(Recorded data)
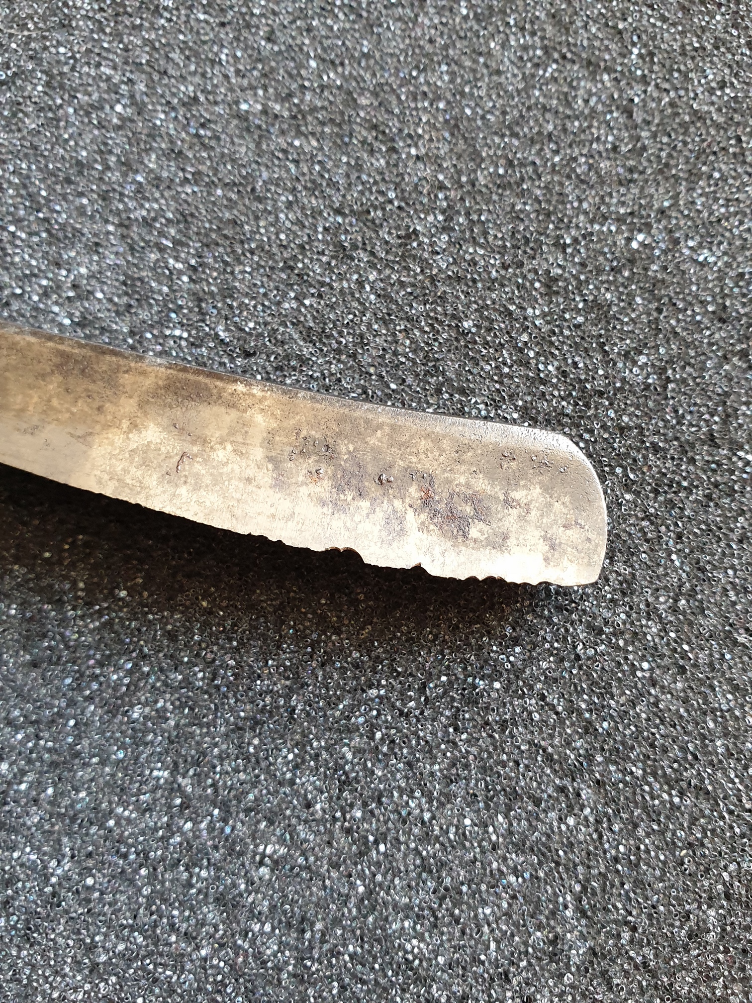 Продаётся от S&T70. Французский клин под восстановление, продается "как есть". Ширина клинка 20мм, без следов уточенности, заводская геометрия, чистые грани, клеймо читается полностью. Ручка из рога, ровная, крепкая, выгрызы по краям. Клинок паркуется в ручку с небольшим закосом. Все родное, бритва не разбиралась, смыта грязь моющими средствами и протерта ручка костным маслом.
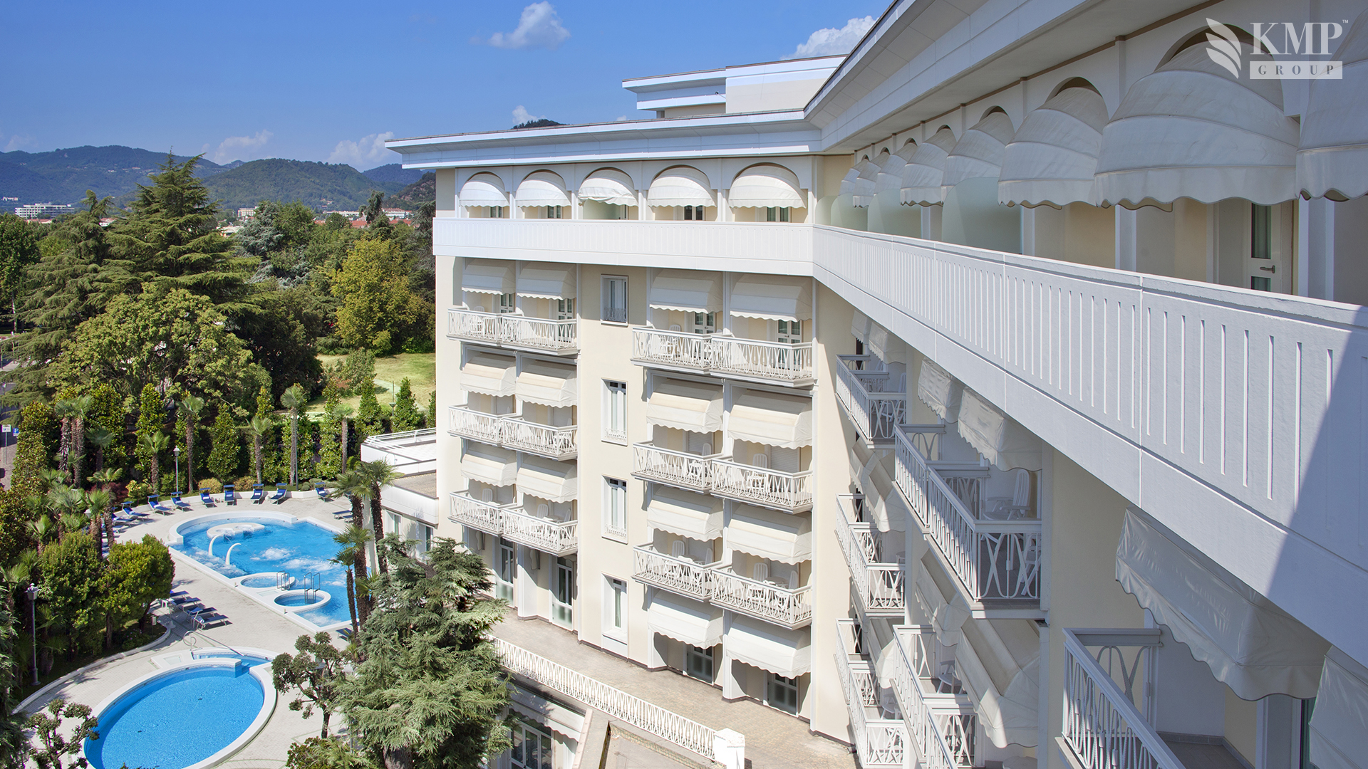 Deluxe Panorama (35 кв. м). Балкон с видом на парк с бассейнами и Эуганские Холмы).
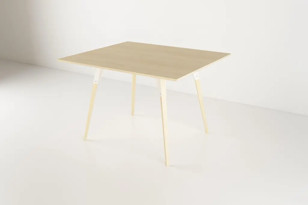 The Clarke Collection comes in ten different tabletop sizes, two wood species, and two metal finishes. The exposed stainless steel bolts blur the line between Scandinavian and Industrial styles.
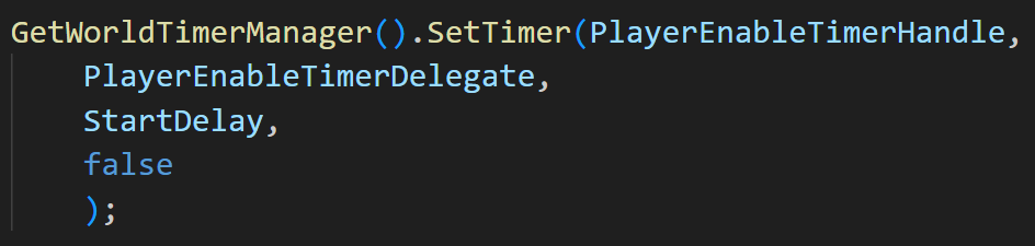 위 타이머 델리게이트를 기존 SetTimer의 콜백 함수 위치에 대신 사용하게 되는 것이다.
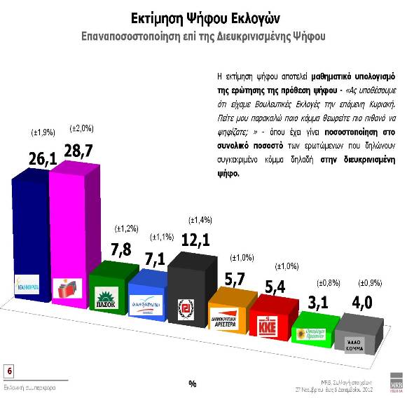 Στην εκτίμηση ψήφου, ο ΣΥΡΙΖΑ διευρύνει τη διαφορά και προηγείται με ποσοστό 28,7%, ακολουθούν η Νέα Δημοκρατία με 26,1%, η Χρυσή Αυγή με 12,1%, το ΠΑΣΟΚ με 7,8%, οι Ανεξάρτητοι Ελληνες με 7,1%, η Δημοκρατική Αριστερά 5,7%, το ΚΚΕ 5,4%, οι Οικολόγοι Πράσινοι με 3,1% και Άλλο Κόμμα 4%.
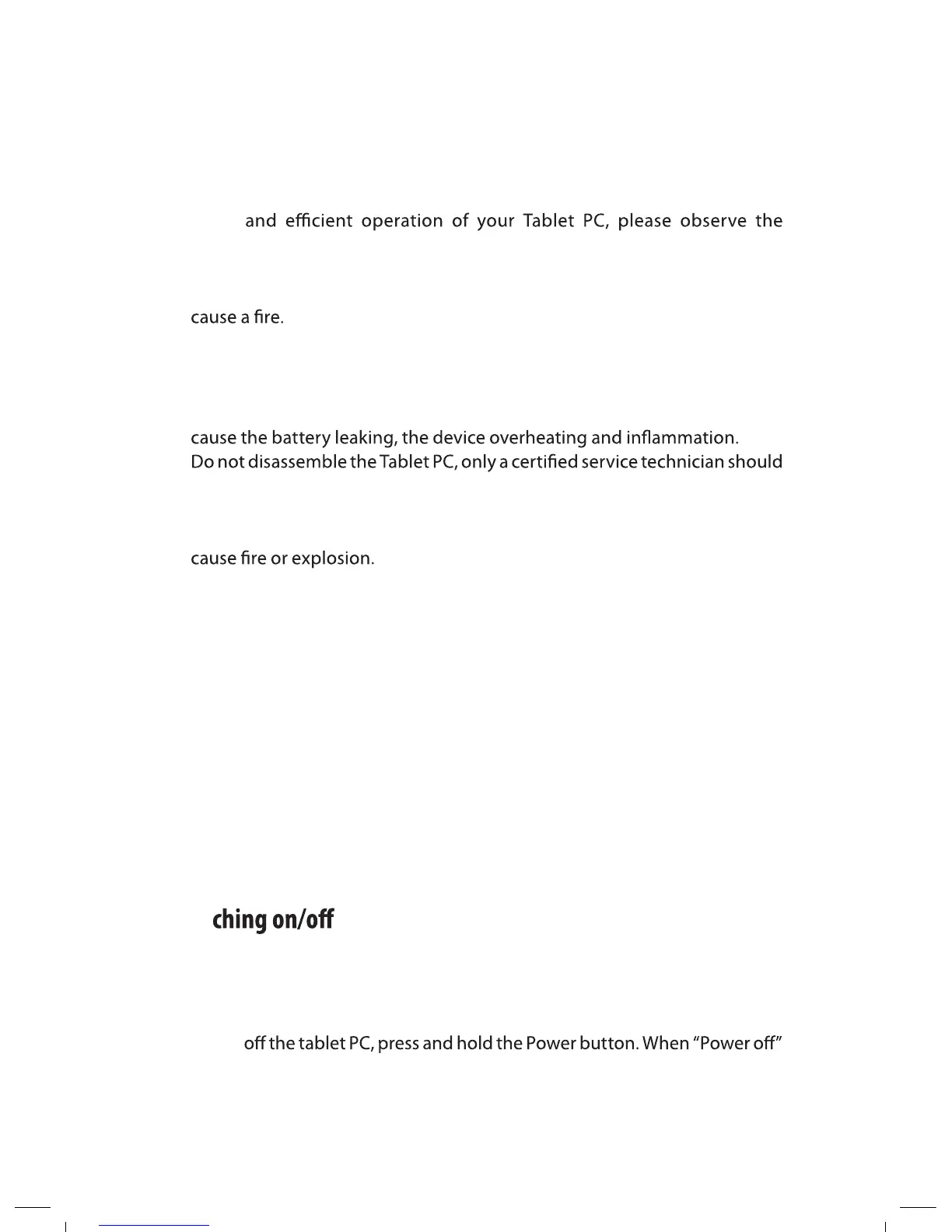 Do not spill any liquids on the Tablet PC as it may damage the device or •
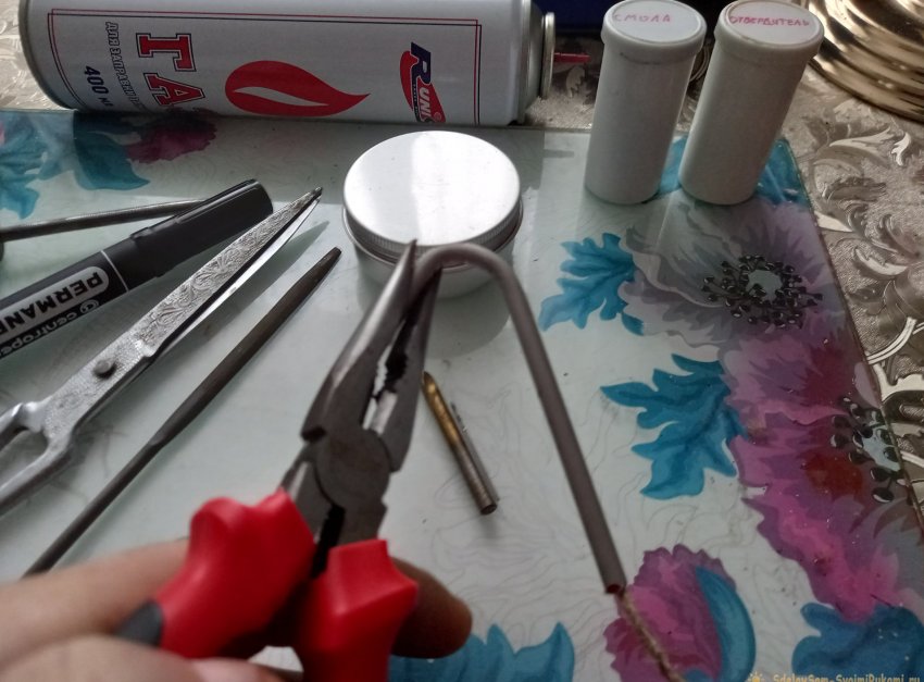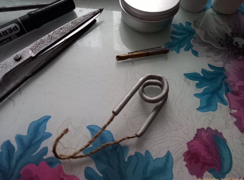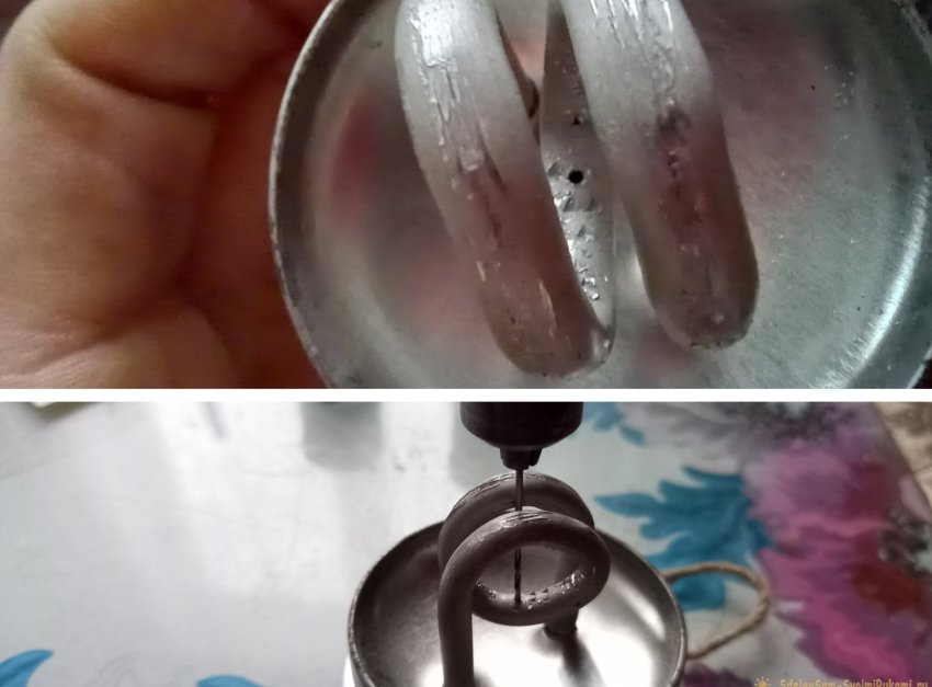 Затем следует просверлить посередине спирали, с внутренней стороны, тонкое отверстие в 1мм. СТРОГО под прямым углом! Чтобы в дальнейшем, при нагреве, струя пламени била точно вертикально, между витками спирали. Разводим витки спирали миллиметра на 3-4 друг от друга, и сверлим.
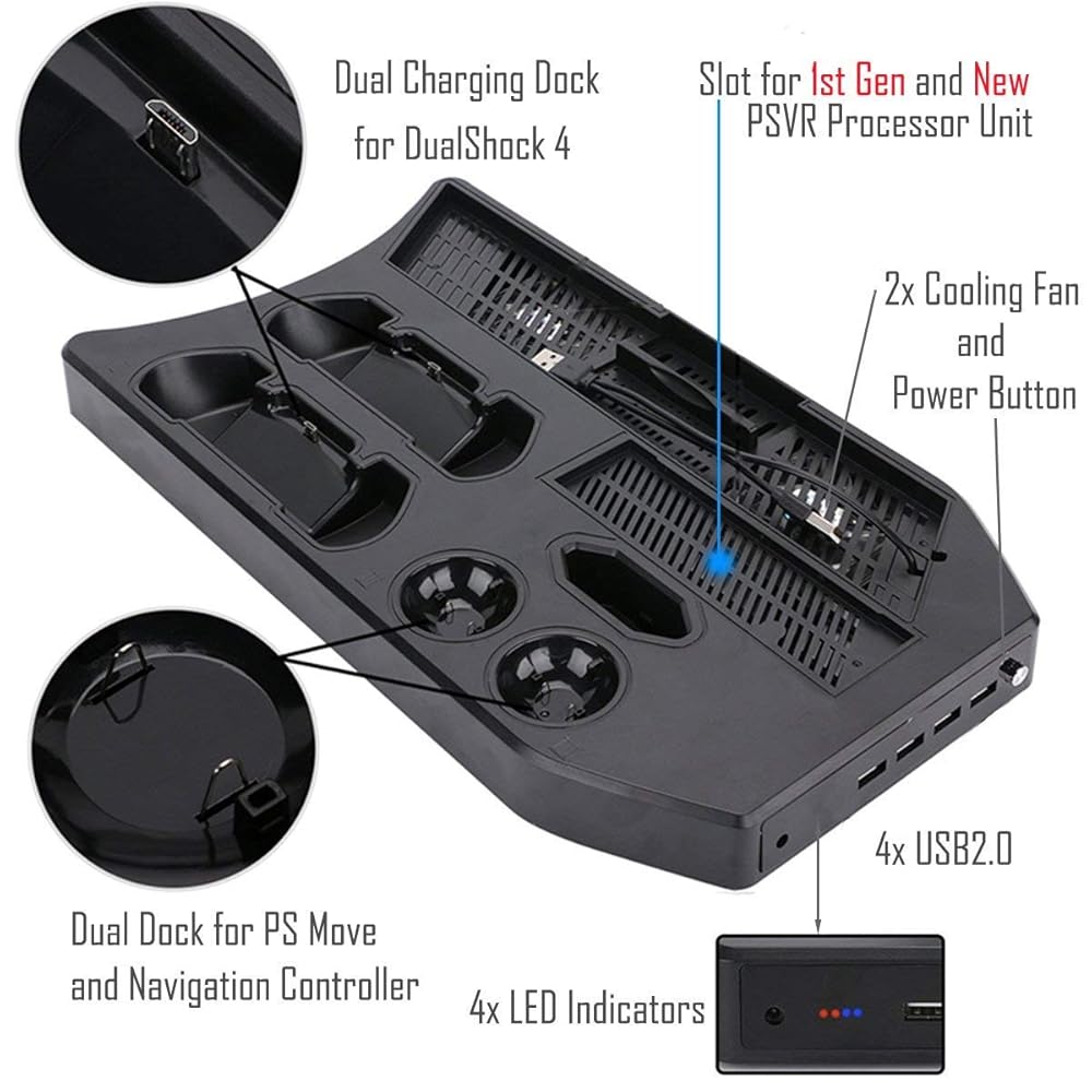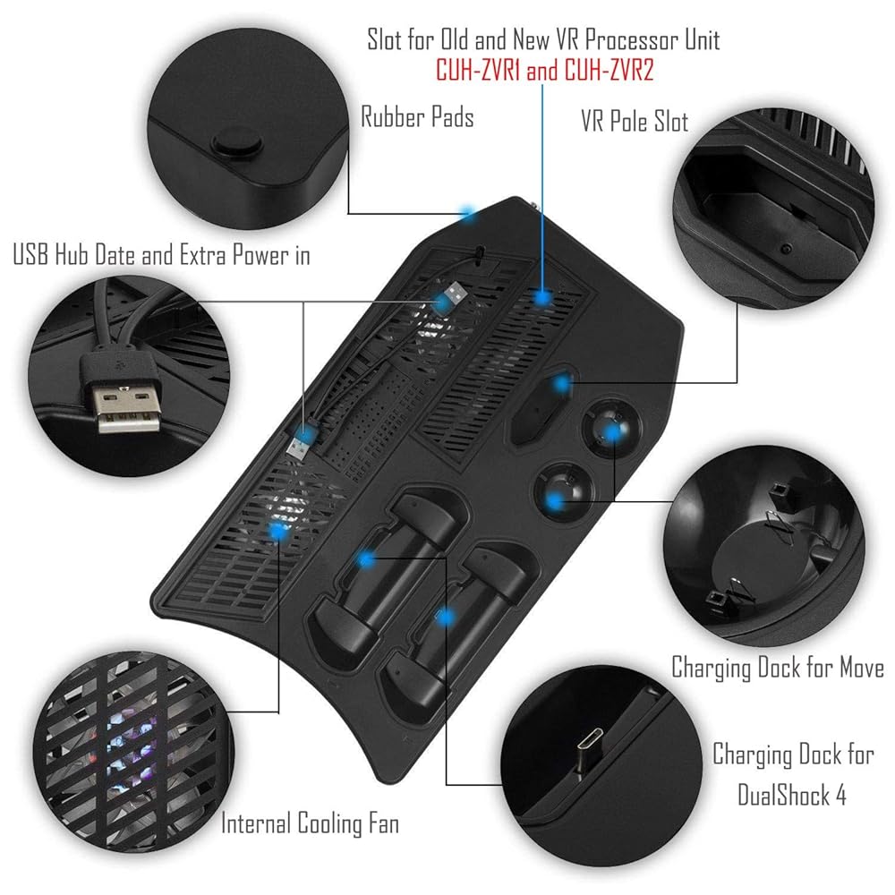 PSVR 스탠드 PS4 VR과 호환 - PS4/Slim/Pro 냉각 스테이션 및 플레이스테이션 VR 스탠드용 충전 도크와

Work task:
Could you write out, word for word, the lines from the one containing "위 타이머 델리게이트를" through the last line of the records, leaving out the pictures?

Answer section:
 위 타이머 델리게이트를 기존 SetTimer의 콜백 함수 위치에 대신 사용하게 되는 것이다.
 Στην εκτίμηση ψήφου, ο ΣΥΡΙΖΑ διευρύνει τη διαφορά και προηγείται με ποσοστό 28,7%, ακολουθούν η Νέα Δημοκρατία με 26,1%, η Χρυσή Αυγή με 12,1%, το ΠΑΣΟΚ με 7,8%, οι Ανεξάρτητοι Ελληνες με 7,1%, η Δημοκρατική Αριστερά 5,7%, το ΚΚΕ 5,4%, οι Οικολόγοι Πράσινοι με 3,1% και Άλλο Κόμμα 4%.
 Do not spill any liquids on the Tablet PC as it may damage the device or •
 Затем следует просверлить посередине спирали, с внутренней стороны, тонкое отверстие в 1мм. СТРОГО под прямым углом! Чтобы в дальнейшем, при нагреве, струя пламени била точно вертикально, между витками спирали. Разводим витки спирали миллиметра на 3-4 друг от друга, и сверлим.
 PSVR 스탠드 PS4 VR과 호환 - PS4/Slim/Pro 냉각 스테이션 및 플레이스테이션 VR 스탠드용 충전 도크와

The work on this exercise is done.